People v Small
2022 NY Slip Op 06017 [209 AD3d 1043]
October 26, 2022
Appellate Division, Second Department
Published by New York State Law Reporting Bureau pursuant to Judiciary Law § 431.
As corrected through Wednesday, November 30, 2022


[*1]
 The People of the State of New York, Respondent,
v
Kevin Small, Appellant.

Richard M. Langone, Garden City, NY, for appellant.

Anne T. Donnelly, District Attorney, Mineola, NY (Jason R. Richards and Kelly Gans of counsel), for respondent.

Appeal by the defendant from a judgment of the Supreme Court, Nassau County (Howard E. Sturim, J.), rendered March 17, 2021, convicting him of grand larceny in the fourth degree, petit larceny, criminal possession of burglar's tools, and criminal possession of stolen property in the fifth degree, upon a jury verdict, and imposing sentence.
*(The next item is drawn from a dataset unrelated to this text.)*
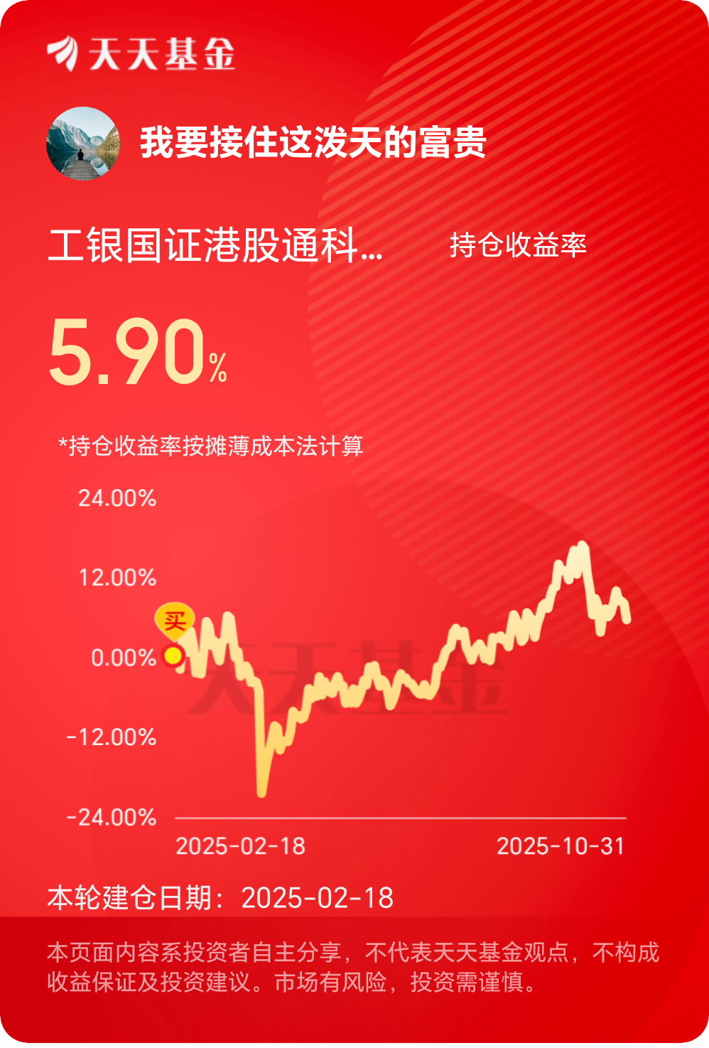 #分享国庆见闻,晒收益,瓜分好礼!# 港股科技走势,预计呈现“震荡上行”格局。短期来看,外部环境改善带来利好:美联储降息周期持续深化,10月可能再次降息,有助于缓解港股流动性压力,历史经验显示,宽松周期中科技股通常表现更优。内部因素方面,AI技术迭代加速,腾讯、阿里等成分股资本开支增速达30%-40%,推动大模型商业化落地。估值上,指数当前市盈率处于上市以来35%分位,尽管今年涨幅已超50%,但距离2021年高点仍有空间,存在均值回归动力。关税摩擦等事件可能引发市场波动,但此类冲击多为阶段性因素,随着APEC会议等沟通机制启动,市场情绪有望逐步修复。整体来看,指数在业绩增长(2026年预测营收增速仍超20%)、资金流入(南向资金年度净流入创纪录)和政策支持(科技自立自强国家战略)三重驱动下,未来三个月有望实现估值与业绩的“双击”。2025年最后三个月,考虑到指数可能延续震荡,我将优先采用定投策略,每月固定日期执行买入,以平滑成本。若因外部风险导致单日跌幅超过3%,则追加一笔投资,单次加仓不超过总仓位的15%。在仓位管理上,目标是将工银国证港股通科技ETF联接基金的持仓提升至总投资额的10%-15%,作为组合的进攻部分。为控制回撤,结合技术指标辅助决策,例如当指数跌破30日均线时暂停加仓,待企稳恢复后再行操作。注重组合对冲,将10%-20%资金配置于货币基金或国债逆回购,保持流动性。每月末进行定期复盘,评估持仓与市场关键变量(如美联储议息、国内经济数据),及时优化策略。国证港股通科技指数,代表了中国科技核心资产的演进方向。指数编制高度聚焦龙头,前十大成分股权重超过75%,覆盖腾讯、阿里等世界级企业,这些公司不仅是互联网巨头,更转型为AI核心资产,旗下大模型如通义、混元等已跻身全球前列。产业布局上,指数均衡覆盖软件服务(占比60%)与硬件半导体(占比40%),并通过纳入智能汽车、生物科技等领域,把握科技融合趋势。资金属性方面,成分股均为港股通标的,直接受益于南向资金流入(年内净流入1.17万亿港元),降低了外资流动的干扰。ETF联接基金费率较低(管理费0.45%),支持小额灵活投资,适合长期积累。科技自立自强已成为国家战略,从AI芯片到创新药出海,指数成分股正是这些变革的重要载体。长期持有不仅是分享企业成长红利,更是参与中国科技价值重估的历史进程。

Ordered that the judgment is affirmed.

The defendant was convicted of crimes in connection with stealing clothing and goods from a Macy's department store in the Roosevelt Field Mall. The evidence at trial included surveillance video showing the theft, the testimony of a Macy's asset protection detective who witnessed the theft and recovered the stolen items from the defendant's bag, the defendant's written statement admitting the theft, and testimony from a Macy's assistant asset protection manager that the value of the stolen items exceeded $1,000.

The defendant's contention that there was legally insufficient evidence to support the conviction of grand larceny in the fourth degree is without merit. Viewing the evidence in the light most favorable to the prosecution (see People v Contes, 60 NY2d 620, 621 [1983]), we find that it was legally sufficient to establish the defendant's guilt of grand larceny in the fourth degree beyond a reasonable doubt. Moreover, in fulfilling our responsibility to conduct an independent review of the weight of the evidence (see CPL 470.15 [5]; People v Danielson, 9 NY3d 342 [2007]), we nevertheless accord great deference to the jury's opportunity to view the witnesses, hear the testimony, and observe demeanor (see People v Mateo, 2 NY3d 383 [2004]; People v Bleakley, 69 NY2d 490 [1987]). Upon reviewing the record here, we are satisfied that the verdict of guilt with respect to that count was not against the weight of the evidence (see People v Romero, 7 NY3d 633 [2006]).

The defendant was not deprived of the effective assistance of counsel. Viewed in totality and as of the time of the representation, the record reveals that the defendant's attorney provided meaningful representation (see People v Benevento, 91 NY2d 708 [1998]; People v Baldi, 54 NY2d 137 [1981]). Duffy, J.P., Christopher, Dowling and Warhit, JJ., concur.